From zombie stock to AI party guest
SanDisk’s glow-up has been ridiculous. The stock has sprinted from $36 to $1,590 in a year, and the company’s latest numbers help explain why: fiscal third-quarter revenue jumped 251% year over year, while data center revenue vaulted about 645%.
That’s not a typo. The AI buildout is still hoovering up memory and storage, and SanDisk is getting pulled into the gravity well.
Why investors are suddenly paying attention
When a company goes from “nice, but sleepy” to “wait, is this a core AI pick?” in a single year, the market tends to get very chatty.
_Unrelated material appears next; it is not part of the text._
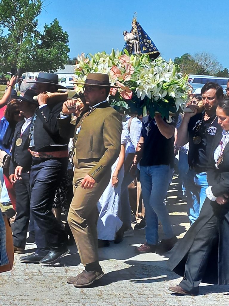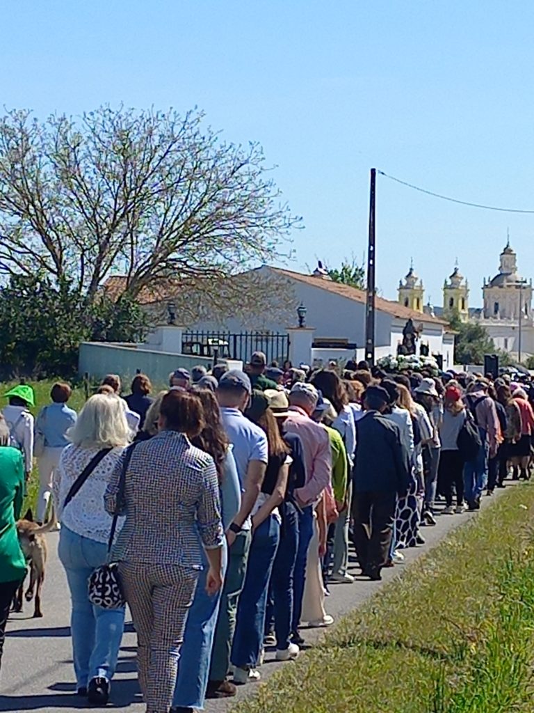 Départ toujours sous le soleil ce 27 Avril pour continuer notre périple dans l’Alentejo et vers la côte. Un arrêt au beau bourg Viana de l’Alentejo. Surprise on tombe sur une procession relative à la Romaria a Cavalo. Du 22 au 27 avril, les pèlerins parcourront à nouveau 150 kilomètres, à cheval ou en calèche, pour conduire Notre-Dame de Boa Viagem, de Moita, à Notre-Dame d’Aires, à Viana do Alentejo.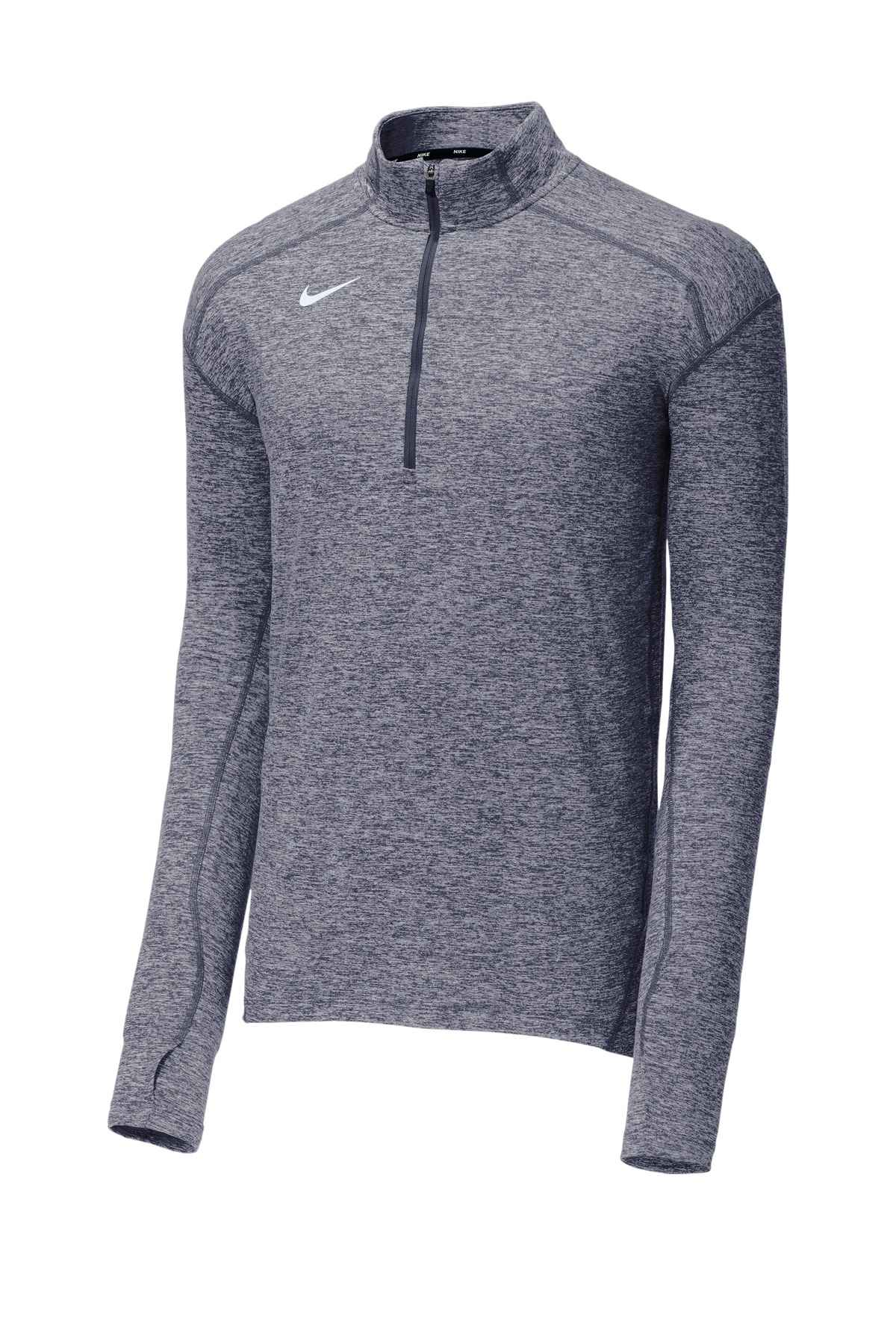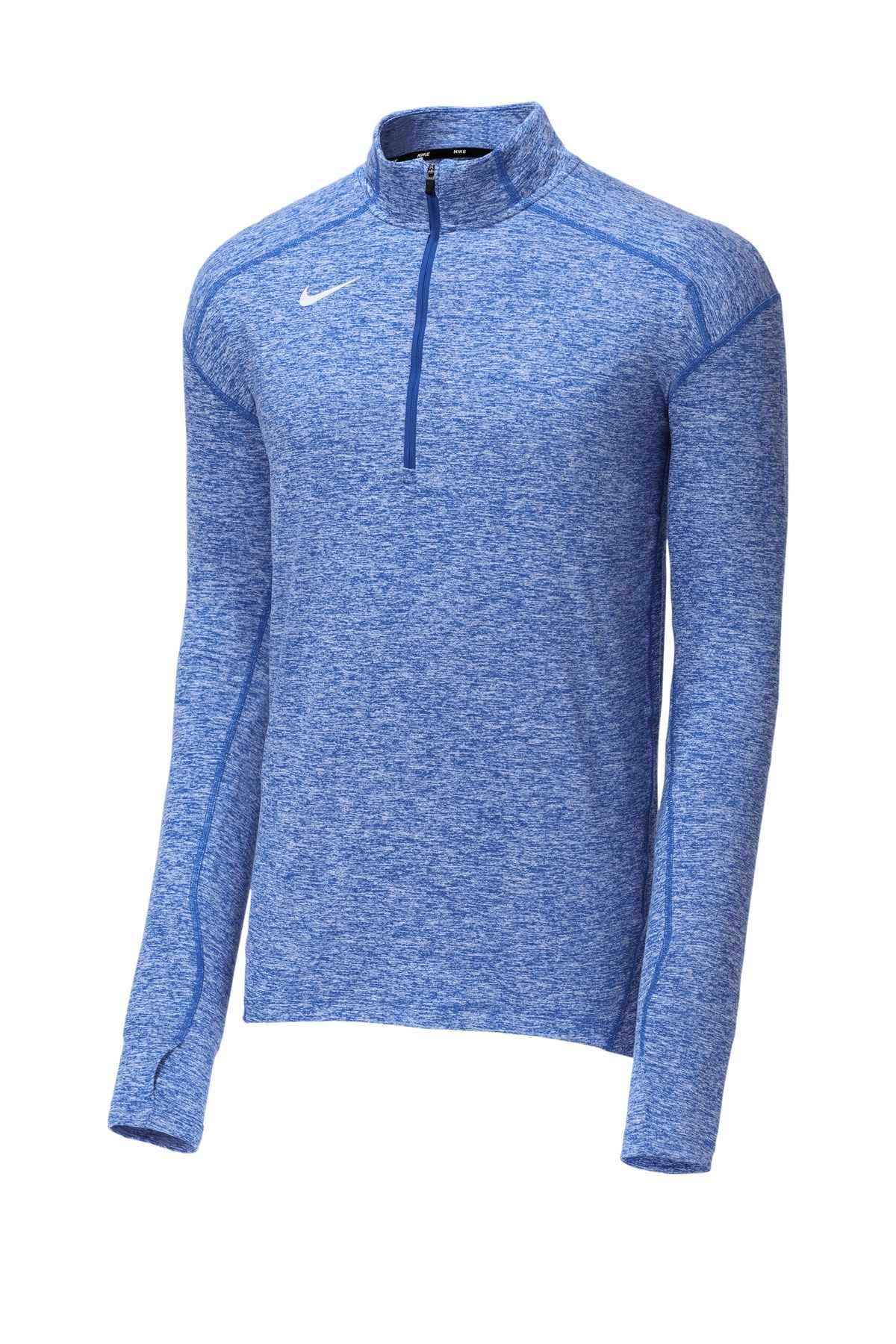 We're proud to offer this direct-from-retail Nike style, while supplies last. This best-selling Nike cover-up delivers all-utility warmth and comfort from the sweat-wicking fabric down to the thumbholes. The 1/2-zip design and mesh back panels enhance ventilation, while the stand-up collar and drop tail hem provide additional coverage. A contrast heat transfer Swoosh design trademark is on the right chest. Solids made of 5.5-ounce, 88/12 polyester/spandex jersey Dri-FIT fabric (front) and 5.3-ounce, 89/11 polyester/spandex Dri-FIT fabric (back). Heathers made of 5.75-ounce, 88/12 polyester/spandex jersey Dri-FIT fabric (front) and 5.3-ounce, 89/11 polyester/spandex Dri-FIT fabric (back).

The big story here isn’t just the top-line growth — it’s that the revenue mix is shifting toward data centers, where demand tends to be stickier and more strategic.
What that means for your portfolio:
- AI servers need more memory and storage, and that demand is still running hot
- Data center revenue growing way faster than the overall business is the kind of trend bulls love to point at
- A stock that already ran this hard now has to keep proving the story is real, not just hype in a blazer
The catch: expectations are now enormous
This is where the plot thickens. Once a stock has already gone vertical, the market starts acting like a picky restaurant critic — it doesn’t just want good, it wants unforgettable. SanDisk now has to keep delivering growth that justifies a valuation people would’ve called science fiction a year ago.
Big picture: SanDisk is no longer trading like a dusty storage name. It’s trading like one of the more obvious beneficiaries of the AI memory boom, and that makes every earnings print feel a lot more important than your average quarterly report.